## Your goal
Lines to restate from the data below: from the one containing "Helle, moderne Innenräume" to the one containing "Ahora vamos a", both included. Give them again exactly, and only them.

## Supplied material
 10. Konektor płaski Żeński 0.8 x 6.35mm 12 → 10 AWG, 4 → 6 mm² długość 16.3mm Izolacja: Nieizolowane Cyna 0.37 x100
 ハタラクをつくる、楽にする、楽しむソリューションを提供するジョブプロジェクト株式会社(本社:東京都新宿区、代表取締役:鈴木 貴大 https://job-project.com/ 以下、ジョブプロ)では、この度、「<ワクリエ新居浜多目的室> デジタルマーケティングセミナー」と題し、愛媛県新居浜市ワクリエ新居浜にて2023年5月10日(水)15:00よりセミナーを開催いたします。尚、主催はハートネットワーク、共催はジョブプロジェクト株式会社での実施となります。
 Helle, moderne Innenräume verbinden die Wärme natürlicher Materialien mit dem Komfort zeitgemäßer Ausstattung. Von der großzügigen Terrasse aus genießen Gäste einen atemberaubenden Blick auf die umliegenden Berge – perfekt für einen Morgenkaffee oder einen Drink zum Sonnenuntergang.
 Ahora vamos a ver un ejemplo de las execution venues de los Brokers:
--
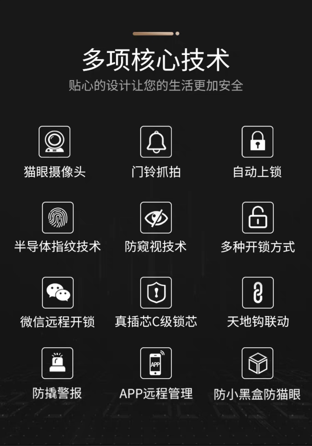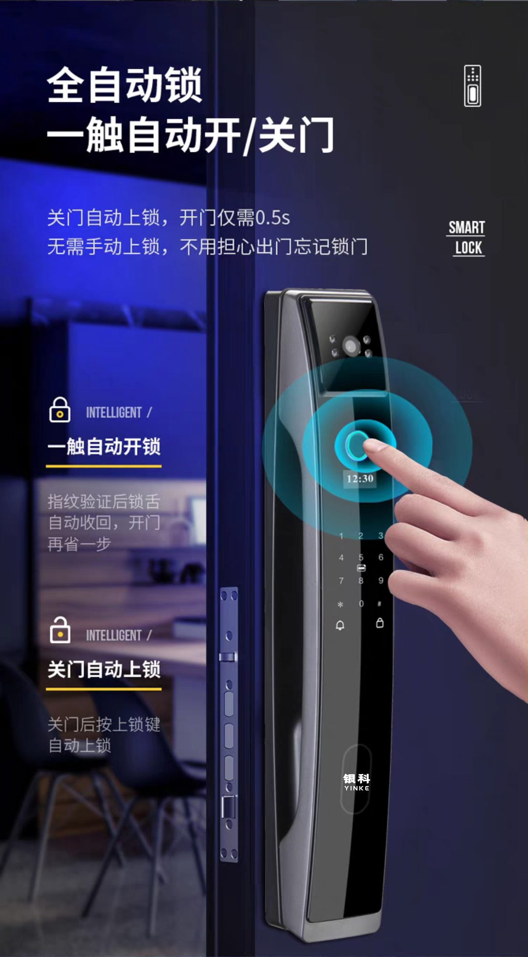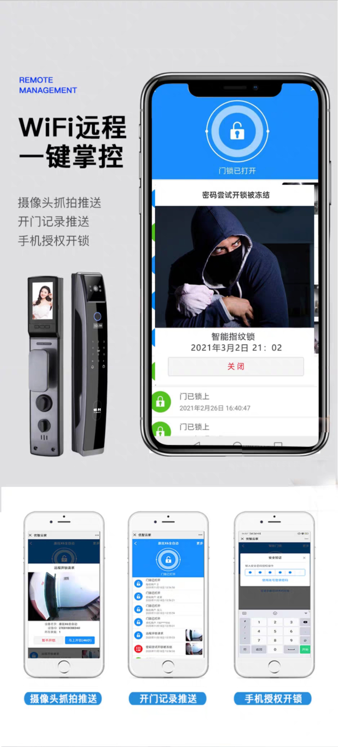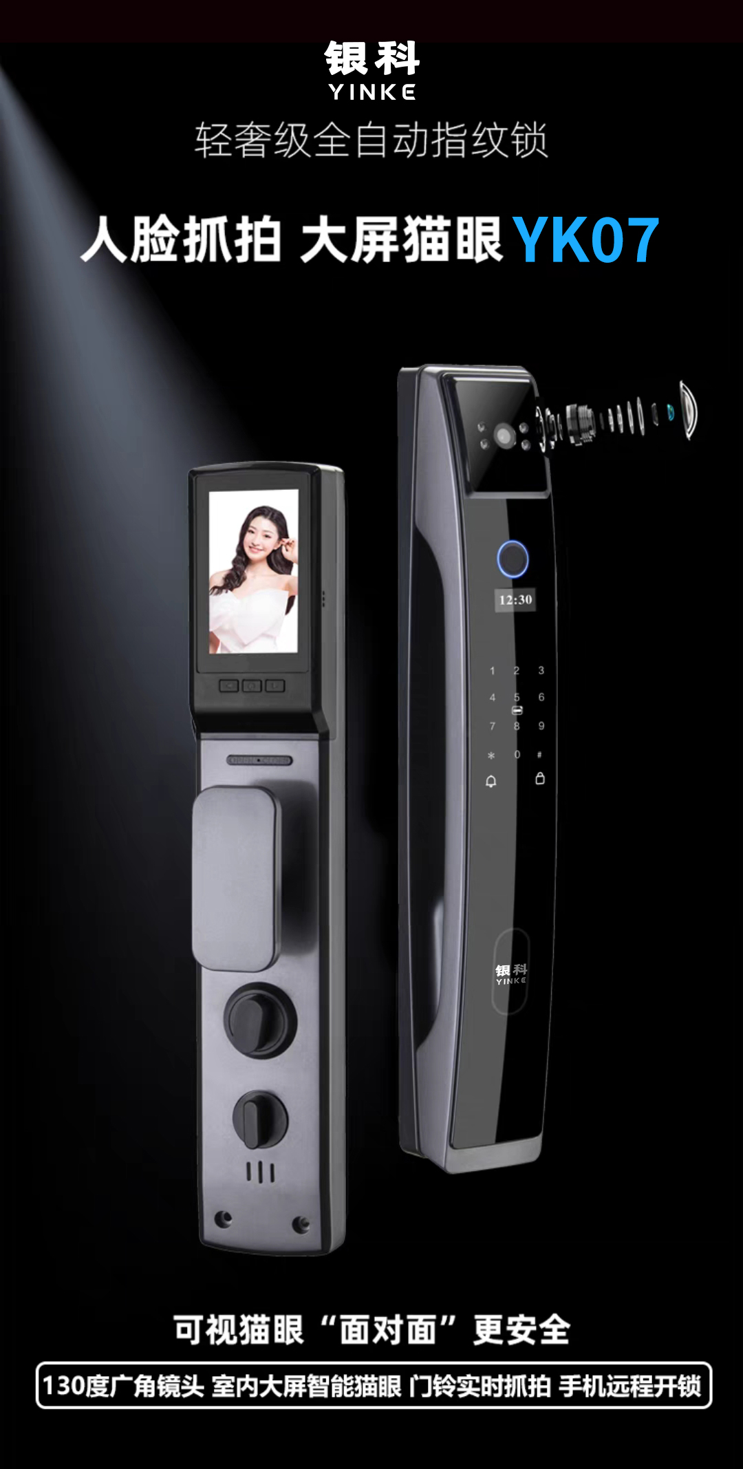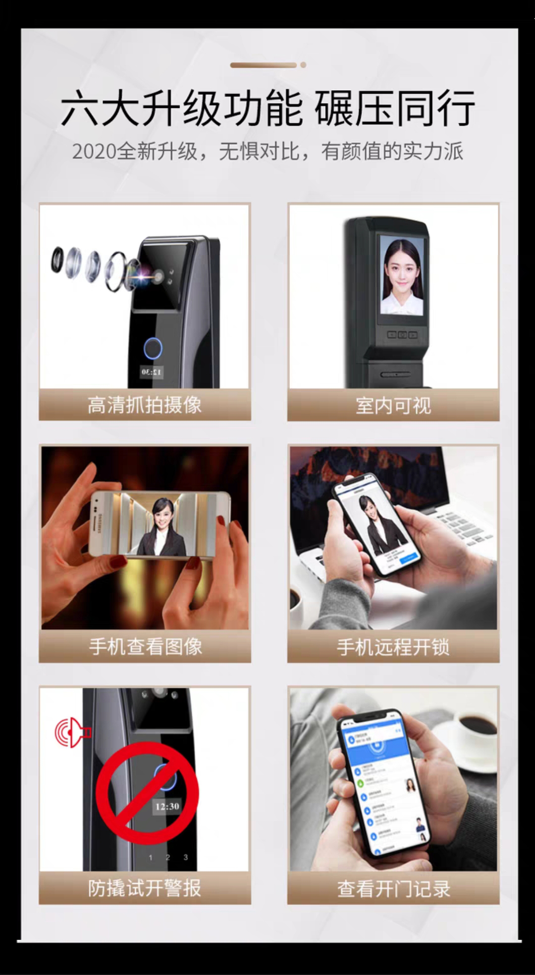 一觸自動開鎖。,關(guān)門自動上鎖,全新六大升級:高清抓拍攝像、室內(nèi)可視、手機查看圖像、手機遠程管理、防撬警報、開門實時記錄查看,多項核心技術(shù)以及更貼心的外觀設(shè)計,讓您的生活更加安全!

## Finished task
 Helle, moderne Innenräume verbinden die Wärme natürlicher Materialien mit dem Komfort zeitgemäßer Ausstattung. Von der großzügigen Terrasse aus genießen Gäste einen atemberaubenden Blick auf die umliegenden Berge – perfekt für einen Morgenkaffee oder einen Drink zum Sonnenuntergang.
 Ahora vamos a ver un ejemplo de las execution venues de los Brokers:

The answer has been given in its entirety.